Tab tells you what to do to get notes to ome out of a specific instrument - guitar tab is no use for harmonica.
Musical notation tells you the resulting notes but doesn't tell you how to get them. That's why, for example, you can read flute music or song sheets on harmonica if you can read notation.
One other thing: notation tells you rhythm, i.e., how long the notes last. Tab leaves you in the dark unless you already know what the song sounds like.
Both songs (Finnish folk songs or hymns, maybe?) are notated here in the key of C# Major (a pretty strange choice, actually - D-flat would be more efficient and more common).
Why not tab these out yourself? It's a lot of work but you'll also learn a lot. Here's how to do it:
1) Learn about key signatures. I'll give you a shortcut here. Those seven sharps (they look like hashtags but have been around for about a thousand years longer) at the beginning of each line of music tell you that all seven notes of the scale - A, B, C, D, E, F, and G - are sharped - C is C# (C-sharp), D is D-sharp, and so on. A sharp raises a note one semitone higher, like going one fret or one key to the right on a piano. A sharp in the key signature raises the pitch of a note through the entire tune unless contradicted by an accidental that will temporarily change the note to a sharp, flat, or back to a natural (see below for more on that).
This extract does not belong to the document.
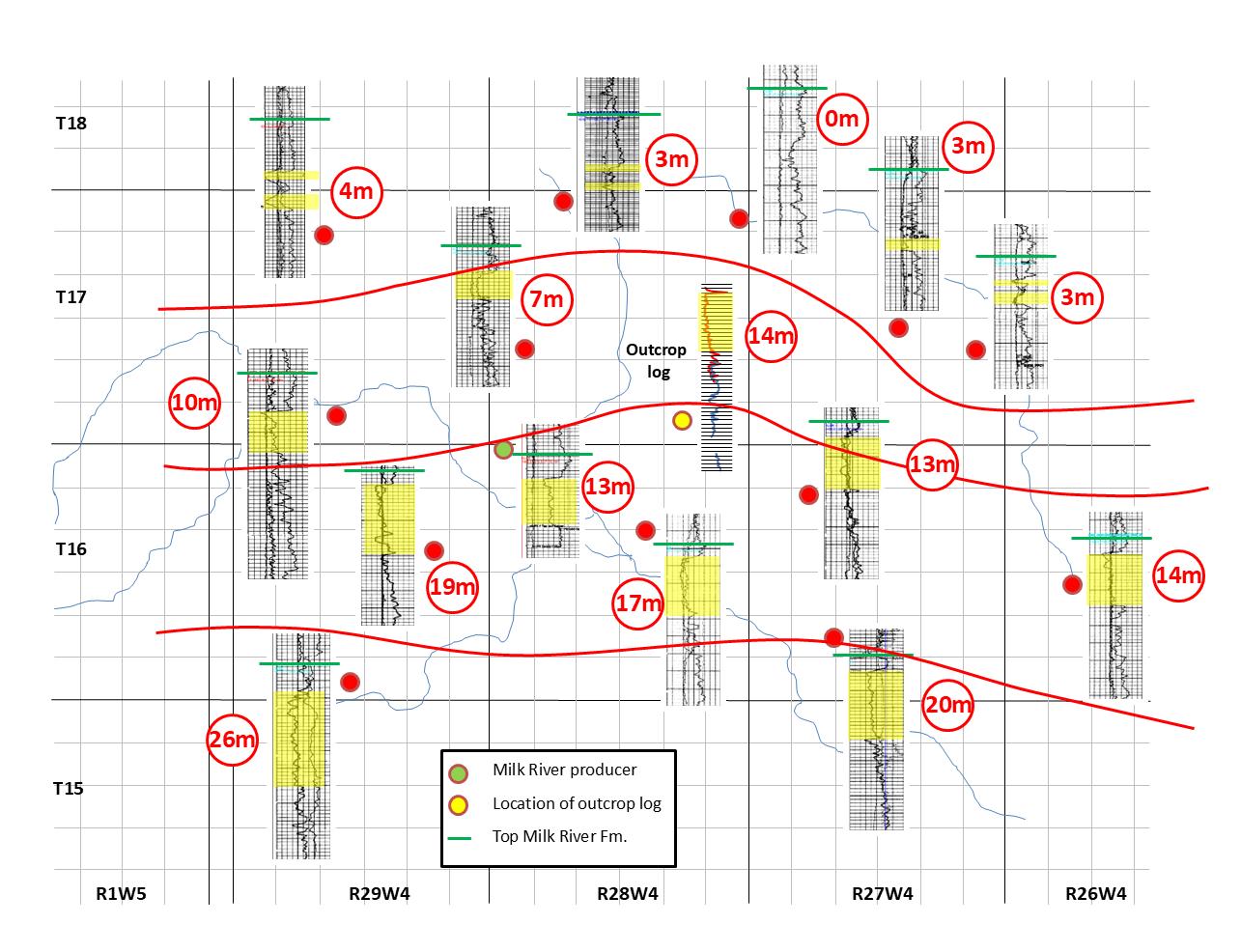 Figure 10. Interpreted isopach map of Milk River shoreface intersections (each square measures 1 mile)

2) Learn which note names (A, B, C, D, etc.) are on which line or space on the staff (the stack of five lines that music is written on). You can easily find this information online.
3) Learn how the natural sign (seen frequently in front of notes in the examples you posted) returns a note to its "natural" pitch - not raised by a sharp or lowered by a flat.
4) Under each note, write the note name, such as C, A#, etc. (Remember that most notes are altered to sharps in the tunes you posted.)
5) Figure out which key of harmonica will give you all or most of the notes in the tune. (To make this easier, write a checklist of the 12 notes of the chromatic scale, and check off which ones you find in the tune. Be sure to remember which ones in the tune are affected by the key signature. You could highlight those ones in your checklist to make it easier.
6) Once you have the right harp, look at a tuning layout for that key (you can find them in the appendixes to Harmoncia For Dummies, for example) and write the tab under the notes.
As I said, this could be a lot of work just to play some tunes you like, but it will EMPOWER you to figure out nearly any tune.